The Adventures of Prince Achmed (1926) dir. Lotte Reiniger


0 R UMAX PL-II V1.5 [3]

It should go without saying to anyone reading this section, but let’s take a moment to appreciate what a special institution we have in the Harvard Film Archive. While the greater Boston area has no shortage of amazing independent moviehouses, the HFA is something unique: an unassuming classroom auditorium, deep in an Ivy League campus, which serves as a mask for a hulking behemoth of film knowledge and preservation. So massive is the HFA’s library, in fact, that it occasionally yields treasures that seem to surprise even its curators. It was the HFA which discovered that complete cut of The Wicker Man a few years back, and when Cambridge transplant Neil Gaiman put out a public call to track down a print of Peter Greenaway’s Drowning By Numbers to screen at the Brattle, it shouldn’t have surprised him to realize it was sitting in his own backyard. When I sit down to compile the monthly film calendar for the Boston Compass, I always make a point to peruse the HFA’s lineup; more often than not, I discover something amazing that I had never heard of before, and possibly never would have otherwise.

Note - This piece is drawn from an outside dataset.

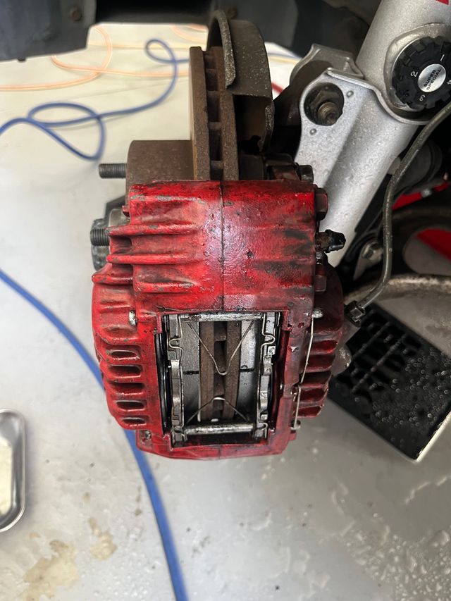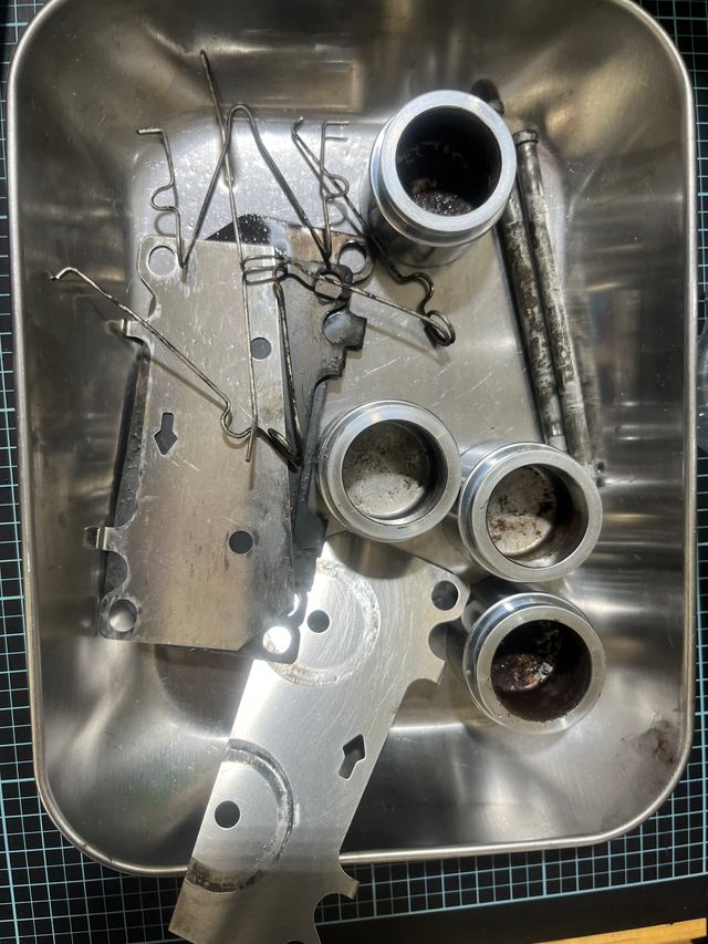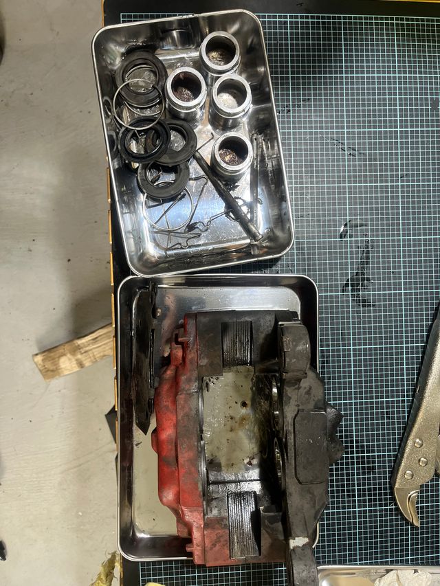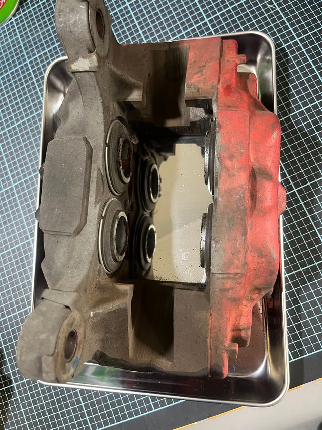 前回の続きでフロントの分解整備となります。リアのようにピストンブーツの破れや固着はないのですが、分解整備は14年ぶりなので行います。リアに比べるとブレーキダストも比較的少なく部品点数も少ないので簡単な筈ですがピストン外しが苦手です。FC3Sのフロントは対向4POTキャリパーなのでピストンが4つあります。このピストンをエアー圧で押し出し外すのですが、中々4本同時にピストンシールから外れません。少しでもタイミングが悪いと片側だけピストンが抜けるのでエアー圧が抜けてしまいます。今回は強引(プライヤー等で引張る等)に外すことはなく丁寧に作業してみました。ブレーキピストンツール総称?(よくあるピストン戻しSST)を本来の戻しに使うのではなく逆にピストンのストッパーのように使います。対向ピストンが少しだけ出る幅にSSTを設定しエアーで押し出します。それを繰り返すと対向のバランスが崩れて来るのでピストンの出が良い方に適切な幅のソケット(適切であればなんでも可)を挟みSSTの動きを止めてエアー圧をかけると出が悪い方が飛び出します。これを繰り返すと4本同時にピストンが外れます。傷が付く可能性が低いのでおすすめです。この作業の意味が写真もないので分からないと思いますが所有の16mmソケット外径(仕様によってですが)がピストン4本同時排出でした。本業とは関係ないことですが、ご興味のある方はお問い合わせください。後は組み付けるだけなので割愛します。最後に苦手なフルードのエアー抜きです。一人での作業なのでワンマンブリーダー(負圧式)を使用しますが毎度エアーが噛んでいます。やり方が悪いのか物が悪いのか全く理解できませんが仕上げエアー抜き作業が必要になります。安全に関わることなのでとても重要です。

Such is the case with The Adventures of Prince Achmed, which screens today as a special discounted family-friendly matinee. The fact that I had never heard of this film is embarrassing to me; the fact that so many others likely haven’t either is simply depressing.

I won’t delve too deeply into the plot, both because the only version of Prince Achmed I could find featured German intertitles with no translation, and because it’s beside the point: from what I can gather, the story is a general mishmash of Arabian Nights, complete with princesses, genies, and terrifying elephant demons. What’s important is that this film, directed in 1926 by German actress-turned-animator Lotte Reiniger, is the earliest known existing animated feature film – predating Snow White and the Seven Dwarfs by more than a decade.

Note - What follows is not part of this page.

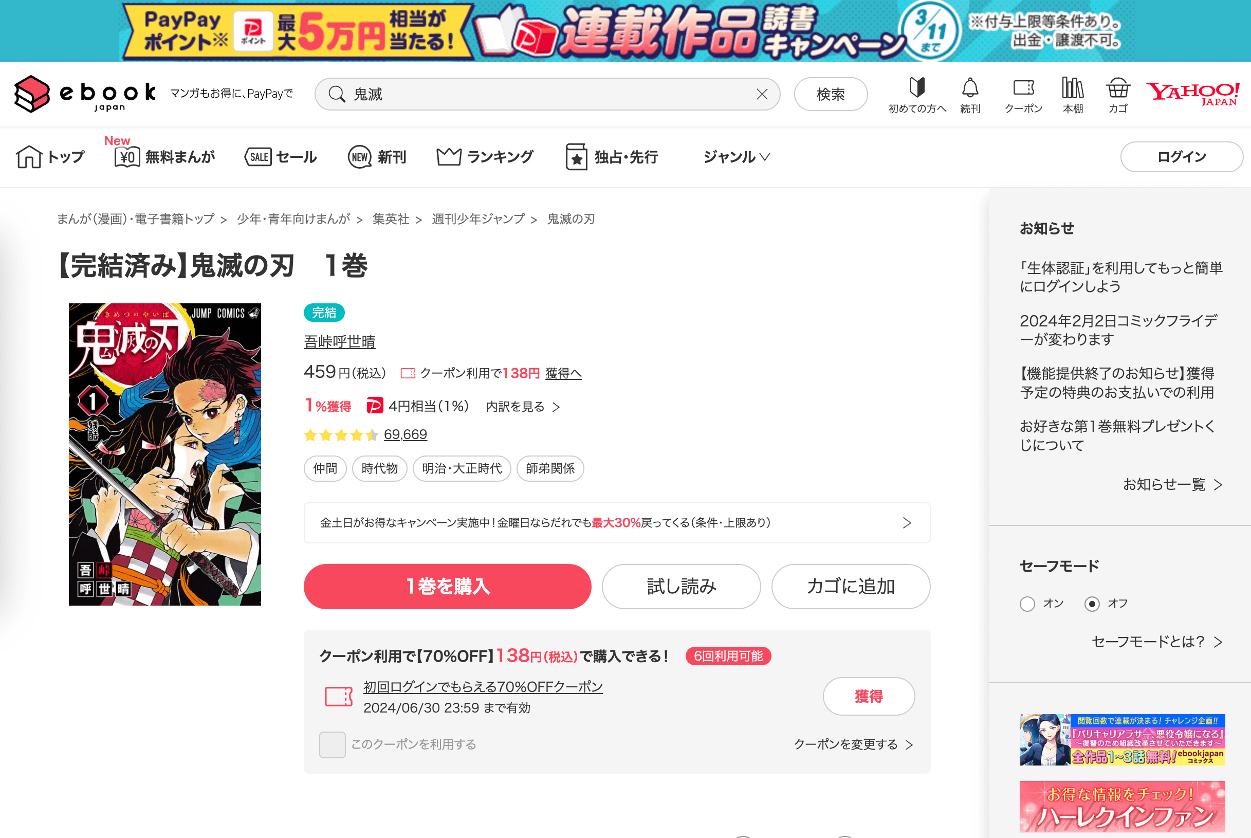初回購入時の割引や、タイムセールなどのキャンペーンが豊富で、鬼滅の刃もお得に購入可能です。初回登録の人は限定で6冊分70%OFFクーポンがもらえます。

Well, that and the fact that this film is gorgeous. In contrast to the lush rotoscopes and cuddly animals favored by Disney, Reiniger’s unique visual style borrows heavily from the shadow puppets of China, as well as the stark expressionism popular in her homeland at the time. But where the expressionists traded in dread and paranoia, Reiniger seems more interested in the exhilarating possibilities of the young medium, reminiscent of the works of Georges Melies or Winsor McCay. Reiniger’s Prince Achmed hurtles from one set piece to another, encountering demons, sorcerers, bellydancers, and a genie (the latter the only character not rendered exclusively in silhouette). The fluidity of the characters’ movements, combined with the brilliant hand-tinted colors, are positively psychedelic, long before that word came into vogue.

All of which is simply to say that The Adventures of Prince Achmed is just really, really neat. If you’re unfamiliar (as I was), check it out; it’s rare that you get to see something so breathtakingly original and profoundly influential with fresh eyes. And even if you’re up on your animation history, it’s unlikely you’ve gotten to see it like this: on 35mm, on the big screen, with live musical accompaniment by organist Robert Humphreville. Then check out the HFA’s calendar, and see how else they can blow your mind.

The Adventures of Prince Achmed (Die Abenteuer des Prinzen Achmed)
dir. Lotte Reiniger
65 min.

Screens Saturday, 5/13, 3:00PM @ HFA
Hand-tinted 35mm print – live piano accompaniment!